Essentially it's just the idea that you can only get if you actually try to get it; that there's value in trying even if you fall short; that we feel more accomplished for daring to try even if we ultimately failed. The real value lies in the action because at least there's nothing left for us to regret to keep us wondering how life would have been like if we had actually gone out and tried to do whatever it was that we wanted to do but ultimately feared doing.


----------



## Kintsugi (May 17, 2011)

Necrophilous said:


> That feel.


I think it's time for me to part ways. It isn't helping the existential shit, one bit.

How can you help a 6? Well, you can tell them to give up Enneagram, for starters.


----------



## Entropic (Jun 15, 2012)

Kintsugi said:


> I think it's time for me to part ways. It isn't helping the existential shit, one bit.
> 
> How can you help a 6? Well, you can tell them to give up Enneagram, for starters.

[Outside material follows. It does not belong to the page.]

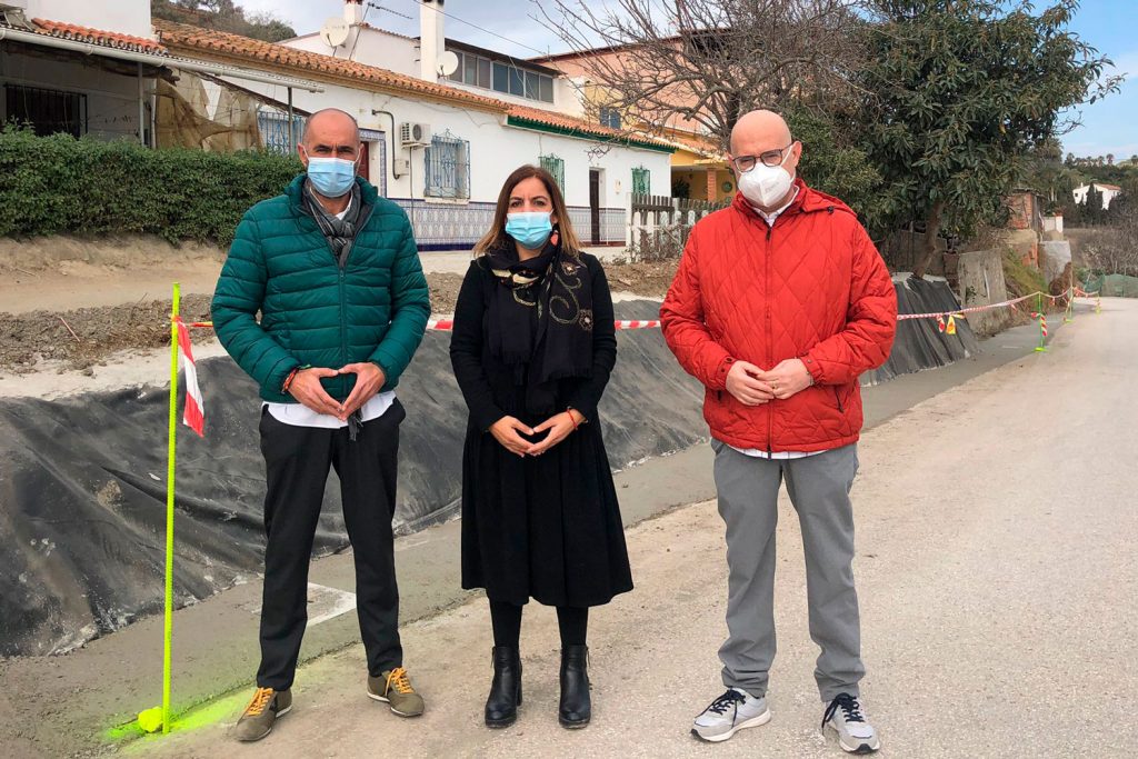 El primer teniente de alcalde del municipio de Vélez-Málaga, Jesús Pérez Atencia; el concejal de Infraestructuras, Juan García; y la teniente de alcalde de Almayate, Belén Zapata, han informado en la mañana de este martes del inicio de las obras para la desafectación del Camino de Ribera de las filtraciones provenientes del entorno de Los Toscanos, en la zona de Almayate.

How about some simple gut logic: It's all in your head?


----------



## Kintsugi (May 17, 2011)

ephemereality said:


> Essentially it's just the idea that you can only get if you actually try to get it; that there's value in trying even if you fall short; that we feel more accomplished for daring to try even if we ultimately failed. The real value lies in the action because at least there's nothing left for us to regret to keep us wondering how life would have been like if we had actually gone out and tried to do whatever it was that we wanted to do but ultimately feared doing.


I completely agree.

But how the fuck do we make our opinions more objective, guys?!

Oh wait...

We can't. :sad:


----------



## Kintsugi (May 17, 2011)

ephemereality said:


> How about some simple gut logic: It's all in your head?

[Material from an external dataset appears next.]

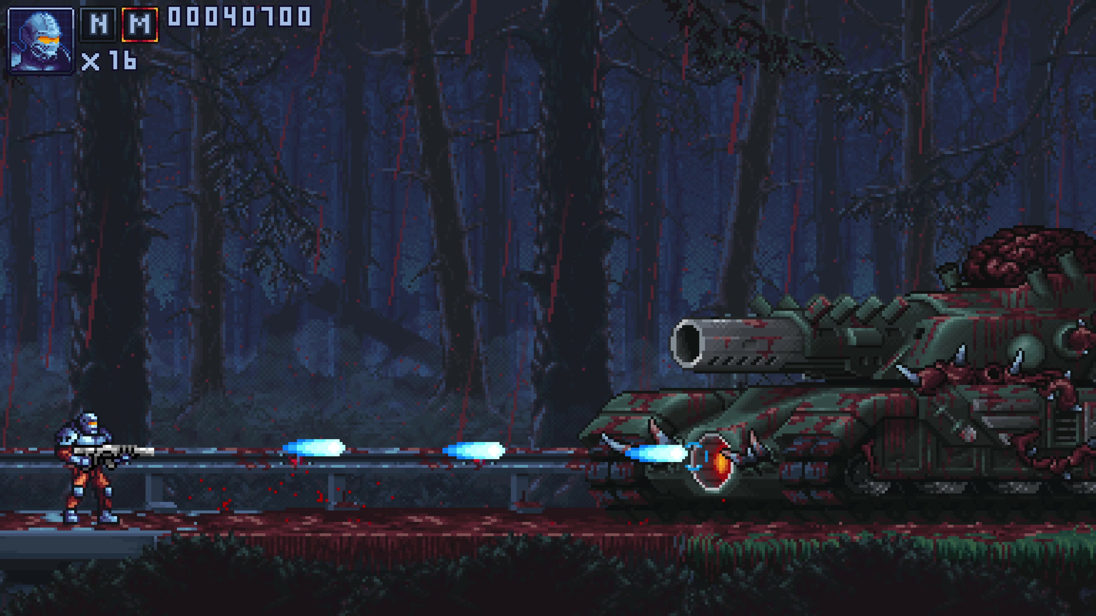 A former Earth Counter Invasion Force tank infected with the Meat appears at the end of the Forest zone! Armed with a Meatball launcher, dual radiation cannons, and toxic bubbles, the Tank boss is a terrifying menace that must be eliminated!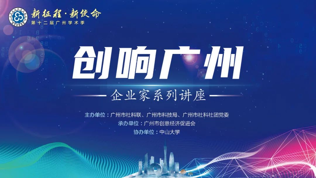 10月13日,由广州市社科联、广州市科技局、广州市社科社团党委主办,广州市创意经济促进会承办的“创响广州”企业家系列讲座首场活动在中山大学广州校区南校园第三教学楼讲学厅隆重举行,拉开了第十二届广州学术季的序幕。

If only it was as fucking easy as that, my friend.

Sometimes becoming more self-aware makes me feel like even more of a nutbag. Conversations with myself go something like:

Me: "It's all in your head, dude!"

Me: "I fucking know that, twat-bags!"

Me: "So what the fuck are we going to do about it?"

Me: "I dunno. How can I trust you, anyway?"

Me: "You're just being paranoid, bitch."

Me: "I know that!"

Both: "Arrrrrrrgggggghhhhhh....we'ere doomed!!!"


----------



## LostFavor (Aug 18, 2011)

I don't know a lot about Enneagram, but it was always my impression that Counterphobic 6 was supposed to be a label for a specific sort of fearless-demeanor defense mechanism. Like someone screaming, "I'm not afraid, STOP SAYING I AM!" in response to little more than their own internal judgments. In other words, a kind of overcompensation for handling their problems. 

So it is a bit weird to me if some people are wearing it like a badge, cause I thought the whole point was that it's describing an attitude that is inherently overcompensating, not reasonably overcoming. I don't know why you'd want to identify as someone who overcompensates.

But maybe I'm misunderstanding the intended meaning.


----------



## d e c a d e n t (Apr 21, 2013)

ephemereality said:


> Essentially it's just the idea that you can only get if you actually try to get it; that there's value in trying even if you fall short; that we feel more accomplished for daring to try even if we ultimately failed. The real value lies in the action because at least there's nothing left for us to regret to keep us wondering how life would have been like if we had actually gone out and tried to do whatever it was that we wanted to do but ultimately feared doing.


Huh.



LostFavor said:


> So it is a bit weird to me if some people are wearing it like a badge, cause I thought the whole point was that it's describing an attitude that is inherently overcompensating, not reasonably overcoming. I don't know why you'd want to identify as someone who overcompensates.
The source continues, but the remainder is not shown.